My Dad suggested burning them on the Weber. Great plan because I love making fires. I sneaked out onto the patio while Mrs H was nursing Rafe. She is very sceptical of my Robinson Crusoe skills and the eyebrow would have started twitching if I had filled her on my plan so I thought that keeping her in the dark would be the best policy.
Luckily the wind wasn’t blowing – having old bank statements and photocopied passport pages with my mug fluttering across the neighbourhood wouldn’t have endeared me to the road – and I gingerly placed a few pages in the Weber, put a match to the firelighter that I had placed on the grid and stood back to see what would happen, half expecting an air current to pick up a burning utility bill and deposit it on my neighbour’s trampoline!
Thankfully all went according to plan; I put the Weber lid on, opened the vents and a gentle wisp of smoke curled into the afternoon sky. Success! Mrs H did come down the stairs and announce that she could smell something like “burning toast”; I confessed but instead of grabbing a bucket of water she turned on her heel mumbling something about pyromaniacs. Who me?
Okay that’s almost a mini anecdote; no chance of any geopolitical commentary this evening so let’s move on….
Big Love
Hoddy X
Bedtime.
I used to be a “New Dad Legend” at bedtime. Mrs H could ensconce herself in a hot bubble bath safe in the knowledge that I would have Rafe tucked up with the minimum of fuss at around six thirty. This was one thing that I could do without Mrs H, and I was proud of my new skill.

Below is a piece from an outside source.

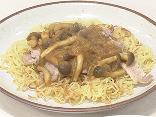 カリっと焼いた中華麺にのせて焼きそばにしてもおいしい

Recently Rafe has taken a big blunt axe to that mantle; I am in danger of losing even the “New Dad” moniker let alone “legend”. :(
I fire up his bath to just the right temperature. He has a good kick about while trying to decapitate the little plastic duck. I then do baby massage with various creams and moisturisers while “Twinkle Twinkle Little Star” plays in the background. The lights are dimmed. He is swaddled in the finest Egyptian cotton bath robe and then into Baby White Company PJs. His milk warms gently in the Tommee Tippee. It’s a veritable baby goddamn spa and this happens EVERY NIGHT! But I suck it up because that’s what it takes to become a “New Dad Legend”. (I secretly love it but don’t tell him that!)
Anyway it comes to him finishing off his milky. In the past there would have been some wind to deal with – no problem – and then a bit of crouchiness but nothing I couldn’t handle. Now it’s a different story. Rafe’s air raid siren has taken on a new dimension – ear splitting. My oath I have never heard anything quite like it. It has even the foxes scurrying back to Clapham Common. No sooner has he finished his bottle then he cranks up the siren. At times it has left me in tatters and Mrs H has had to assume control.

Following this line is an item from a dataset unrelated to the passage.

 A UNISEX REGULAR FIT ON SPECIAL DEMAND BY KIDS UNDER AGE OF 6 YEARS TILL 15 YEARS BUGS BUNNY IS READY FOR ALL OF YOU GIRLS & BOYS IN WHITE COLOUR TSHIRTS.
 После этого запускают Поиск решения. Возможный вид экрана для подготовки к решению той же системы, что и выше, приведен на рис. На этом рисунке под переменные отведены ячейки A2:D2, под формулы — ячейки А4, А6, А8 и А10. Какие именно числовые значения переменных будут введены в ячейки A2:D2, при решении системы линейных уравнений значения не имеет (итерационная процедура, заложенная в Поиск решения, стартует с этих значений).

But tonight I tried a new technique with Mrs H’s blessing. As soon as the air raid sounded I put him in his cot for three minutes and sat outside the door. The little oke (South Africanism for “guy”) went ballistic. While this was going on Mrs H asked me to talk her through my strategy re “next steps”. My face said it all…”survival”.
Time up and I crept back in. Rafe was not happy. I picked him up to sooth him; “New Dad you must be kidding me; how dare you leave me…..! Get this!” He blasted me in the ear. Luckily I am bigger than him and I returned him to his cot for another three minutes.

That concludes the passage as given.